This is the first in what will be an occasional series of DITA application discussions around the subject of applying the DITA standard to Publishing business problems (that is, using DITA-based XML markup as the source for documents produced by Publishers, as opposed to documents produced by product companies). Because DITA comes out of the technical documentation domain (it was developed by IBM as their next generation XML application for technical documentation, especially documentation delivered on the Web or as online help), most of the practical information about DITA reflects technical documentation applications.
But DITA is equally applicable to many Publishing applications, including traditional narrative documents that don't seem, at first look, like candidates for ditification.
DITA's unit of content organization is the "topic". A topic consists of a required title followed by an optional body (which contains any paragraph-level content of the topic) and, optionally, nested topics. This generic model is very simple and very flexible, e.g:
Topic Title
Topic body content (one or more paragraphs, figures, etc.).
Subtopic 1 Title
Subtopic content
Subtopic 2 Title
Subtopic content
Within a topic body you cannot have any subsections or subdivisions. At most you can have a single level of <section> elements but <section> elements cannot nest.
This aspect of topic bodies often leads to the conclusion that DITA cannot be used for content that is naturally a potentially deep hierarchy of sections, such as textbooks, trade books, standards documents, reports, and so on. This seems to stem from the normal focus on topics as the unit of authoring, which most people take to mean you should always author topics in isolation, with no nested topics, as well as confusion of the element name <section> with the generic, everyday concept of "section", which sometimes leads to the (incorrect) conclusion that "DITA cannot have nested sections" (in the generic sense).

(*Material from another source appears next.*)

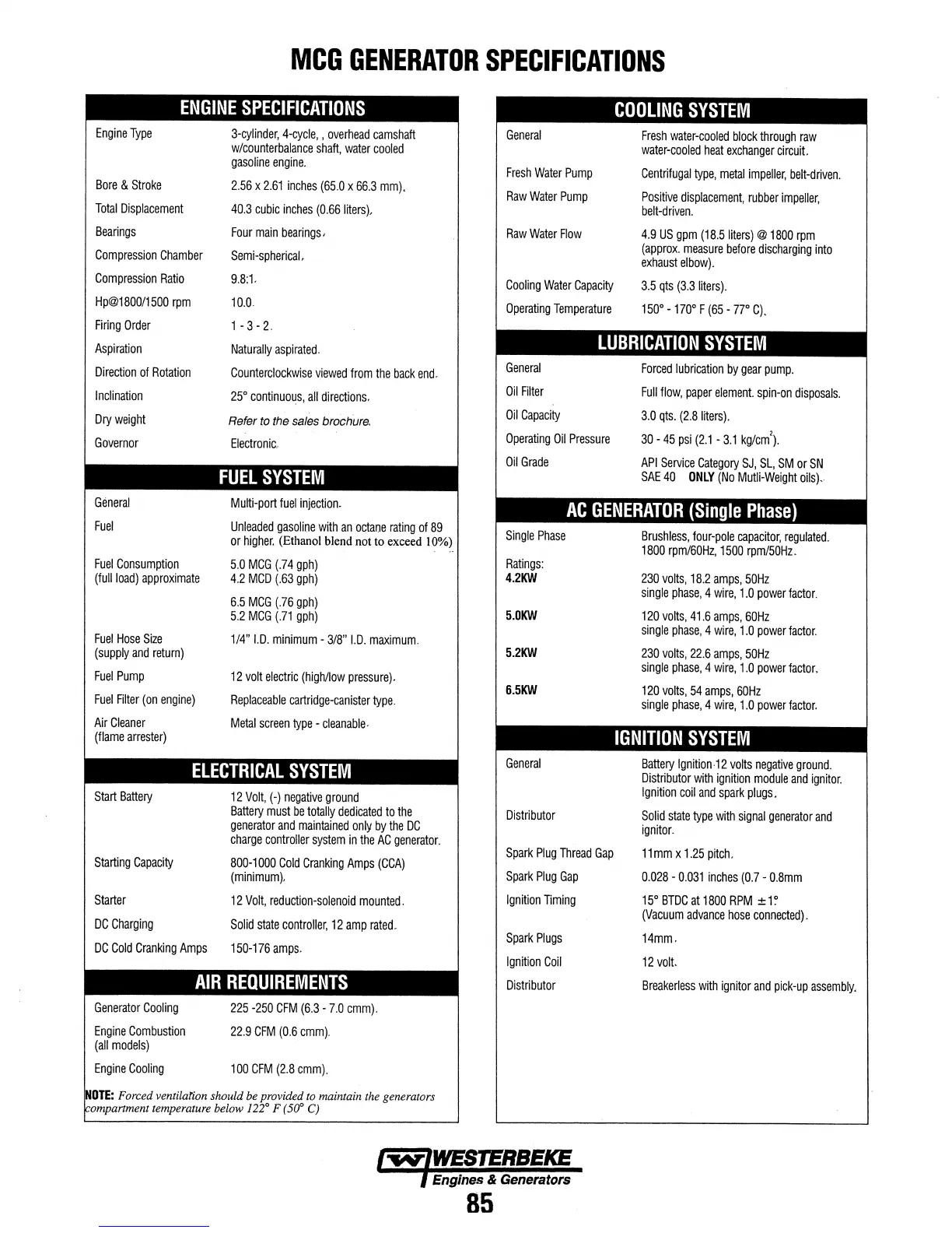 Westerbeke 6.5 MCG - MCG GENERATOR SPECIFICATIONS; ENGINE SPECIFICATIONS; COOLING SYSTEM; FUEL SYSTEM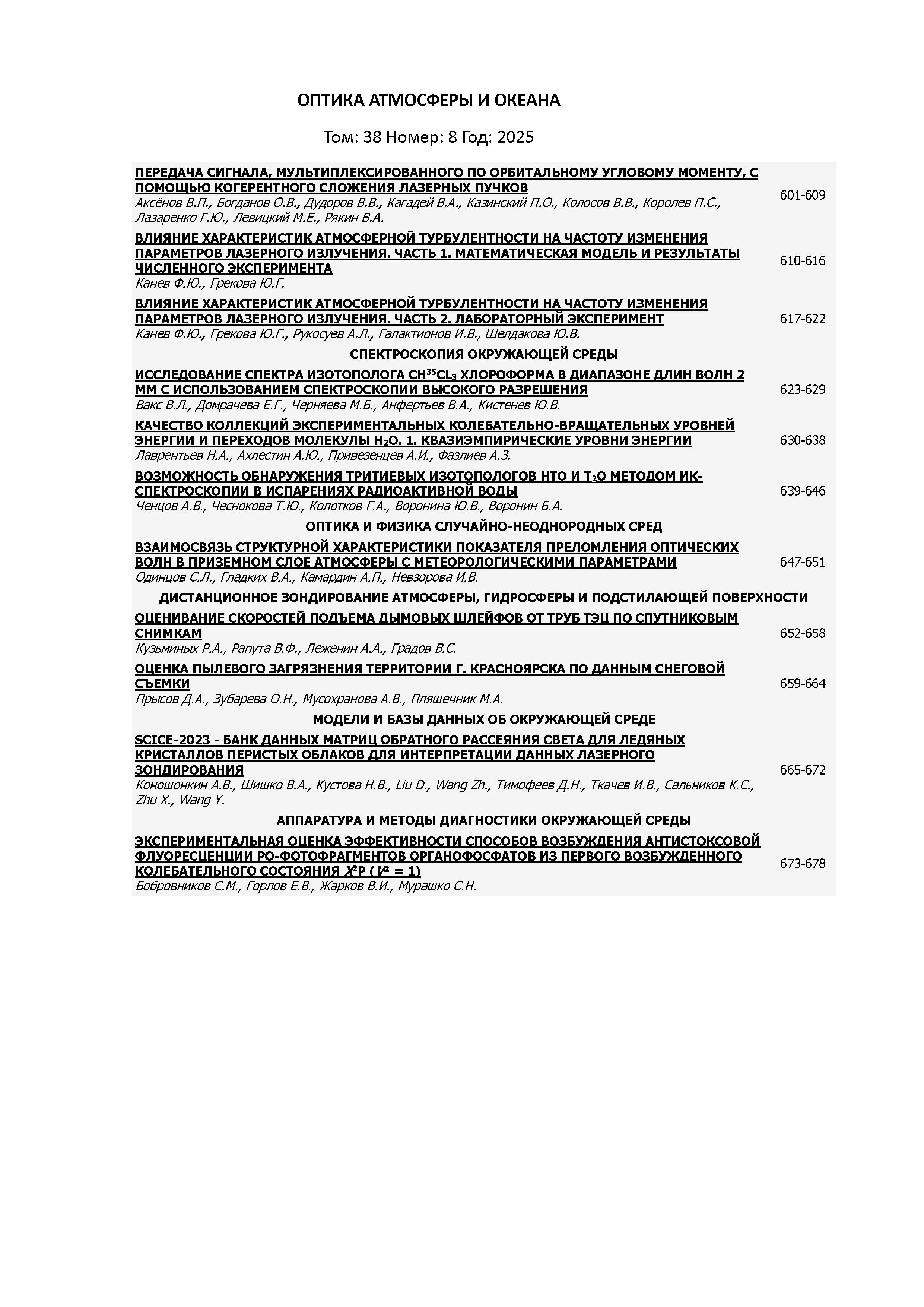 Оптика атмосферы и океана 2025 Т. 38 N 8 |

Nothing could be further from the truth: DITA can have nested sections (in the generic sense). It just cannot use its <section> element to do it.
The key to a correct understanding is to forget about the DITA <section> element and think about topic bodies as only containing paragraph-level things (figures, tables, lists, etc.).
Without section elements to distract us it becomes clear that nested sections must be represented by nested topics, because that's the only thing available. If we further realize that we can nest topics without restriction, it should become clear that, for the purpose of narrative documents, there's no difference between DITA topics and any other XML division-type element.
If you take the base base DITA topic element (the most generic topic), you can immediately use it to represent pretty much any document you might have lying about simply by creating a topic with tested topics. The base DITA paragraph-level model is sufficiently complete and generic that it should work for pretty much anything (at least for the purpose of simply capturing the basic structure of your content--providing more appropriate tags for your special stuff can come later).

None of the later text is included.